Keiser argues, finally, that Cleanness lacks "theopoetic coherence" -- that in the story of Nebuchadnezzar, God is angered by unclannesse in general and not just by male- male sexual relations. "[I]n the overall impact of the final exemplum, the continuity the poem has traced between heavenly order and human experiences of festive decorum is problematized . . . . The comforting aura of reciprocity between host and guest, lord and servant fades as God's motives are revealed to be after all closely akin to the epic warriors" (212). The other poems found in the same manuscript do, she argues, exhibit a coherence that Cleanness does not. While Keiser's intellectual honesty here is to be commended -- she does not twist the poem to fit her argument -- the conclusion is somewhat disappointing. If, ultimately, the poem does not give a coherent picture of divine clannesse as an aristocratic virtue, this would seem to undercut the previous two hundred pages as well as the possibility of learning much from this text about the way medieval people understood masculinity and male-male love.

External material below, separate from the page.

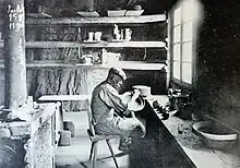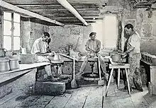 La motte de terre placée sur le tour est creusée par le potier, puis les parois du pot s'élèvent grâce à l'action des mains de l'artisan, qui finit de lui donner la forme prévue en le tournant (tourner = dräje)[19]. Un potier parvient à créer jusqu'à 300 pièces par jour[20]. Un autre ouvrier est chargé de poser des anses, verticales ou horizontales selon le modèle prévu, préalablement coupées dans des colombins d'argile. Les pots terminés sont alors mis à sécher sur des étagères.

This last comment is perhaps a bit unfair, since Keiser makes no such claims directly. In her Introduction, though, she does establish that she is "participating in a movement to liberate our own and future generations from that heterosexist bias. One piece of this emancipating work is rewriting the history of the desiring self with close attention to the dynamics by which heterosexual pleasure comes to be seen as exclusively and supremely good" (16). In fact the theopoetic incoherence of Cleanness seems to me largely irrelevant to this goal. The poet does not have to view homosexual intercourse consistently as uniquely filthy to raise an important point in the medieval debate on male-male love. Nor does the poem's inconsistency on the courtly nature of God change the important conclusions Keiser is able to draw on the relation between the poem's adoption, in some places at least, of a new model of masculinity and its rejection of homosexual behavior. This deep analysis of one work shows us, not an example of "the" medieval view of "homosexuality," but how wide was the range of medieval views on sexual issues. Any scholar interested in the construction of erotic experience in the past will benefit from reading it.